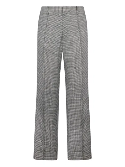 grey pied de poule pattern button fastening belt loops rear welt pockets
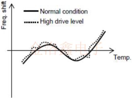 如果諧振器單元的實(shí)際驅(qū)動(dòng)電平大于指定的最大驅(qū)動(dòng)電平,則可能會(huì)出現(xiàn)振蕩頻率異常的溫度特性.這可能是IC功能出現(xiàn)問(wèn)題的原因.
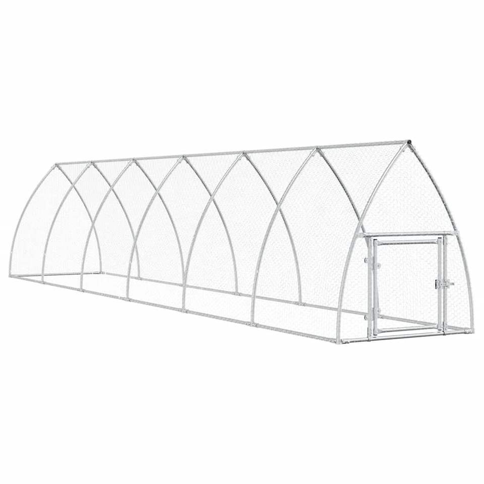 Small Animal Supplies 236.2"x41.3"x47.2" Galvanized Steel Chicken Cage Silver Chicken Coop
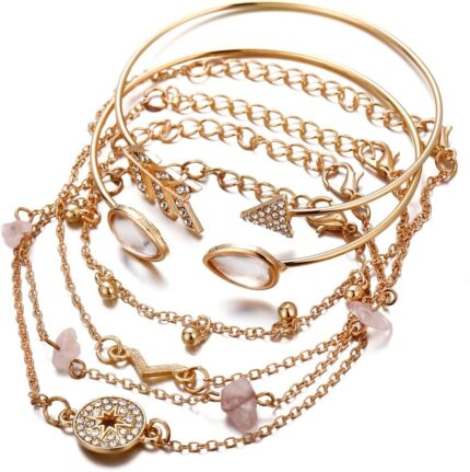 Shining Diva Fashion Set Of 4 Stylish Multilayer Crystal Bangle Charm Bracelet for Women (Golden) (rrsd10711b), One Size
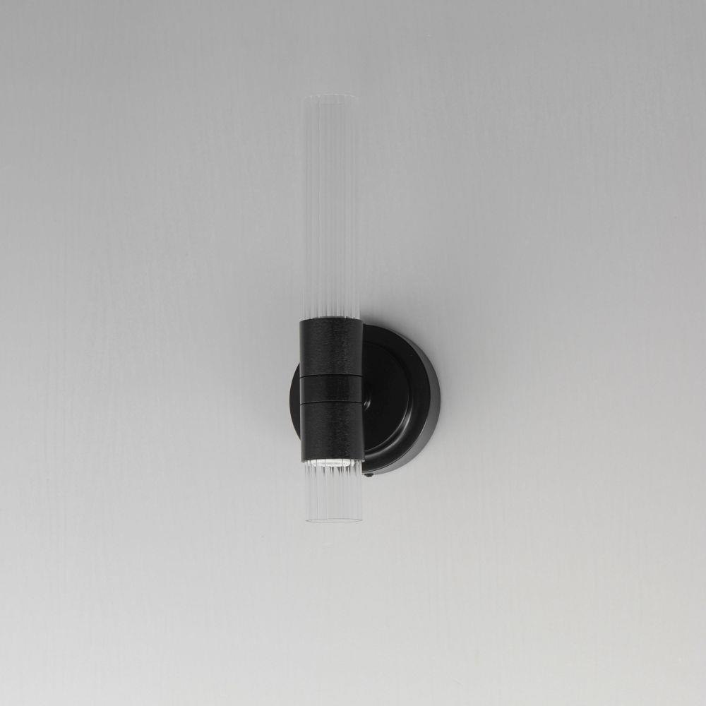 A modern tribute to the wheel chandelier, the Ovation collection integrates LED technology for a dazzling lighting effect. The LED light produces a shimmering lighting effect along the tall and narrow fluted glass shades adding celebratory effervescence. The expansive diameters of the rings join at the center in equipoise using four down rods to suspend the frame. Mount the chandelier from the collector or make use of additional chain supplied to extend the height with ease. Additional sconces with up and down lighting complete the design. Available in Brushed Brass or Black, the collection toasts a classic design creating an elegant statement.

----

**PROBLEM DESCRIPTION**
When copying the records, reproduce every entry exactly and omit all pictures.

**TASK SOLUTION**
 grey pied de poule pattern button fastening belt loops rear welt pockets
 如果諧振器單元的實(shí)際驅(qū)動(dòng)電平大于指定的最大驅(qū)動(dòng)電平,則可能會(huì)出現(xiàn)振蕩頻率異常的溫度特性.這可能是IC功能出現(xiàn)問(wèn)題的原因.
 Small Animal Supplies 236.2"x41.3"x47.2" Galvanized Steel Chicken Cage Silver Chicken Coop
 Shining Diva Fashion Set Of 4 Stylish Multilayer Crystal Bangle Charm Bracelet for Women (Golden) (rrsd10711b), One Size
 A modern tribute to the wheel chandelier, the Ovation collection integrates LED technology for a dazzling lighting effect. The LED light produces a shimmering lighting effect along the tall and narrow fluted glass shades adding celebratory effervescence. The expansive diameters of the rings join at the center in equipoise using four down rods to suspend the frame. Mount the chandelier from the collector or make use of additional chain supplied to extend the height with ease. Additional sconces with up and down lighting complete the design. Available in Brushed Brass or Black, the collection toasts a classic design creating an elegant statement.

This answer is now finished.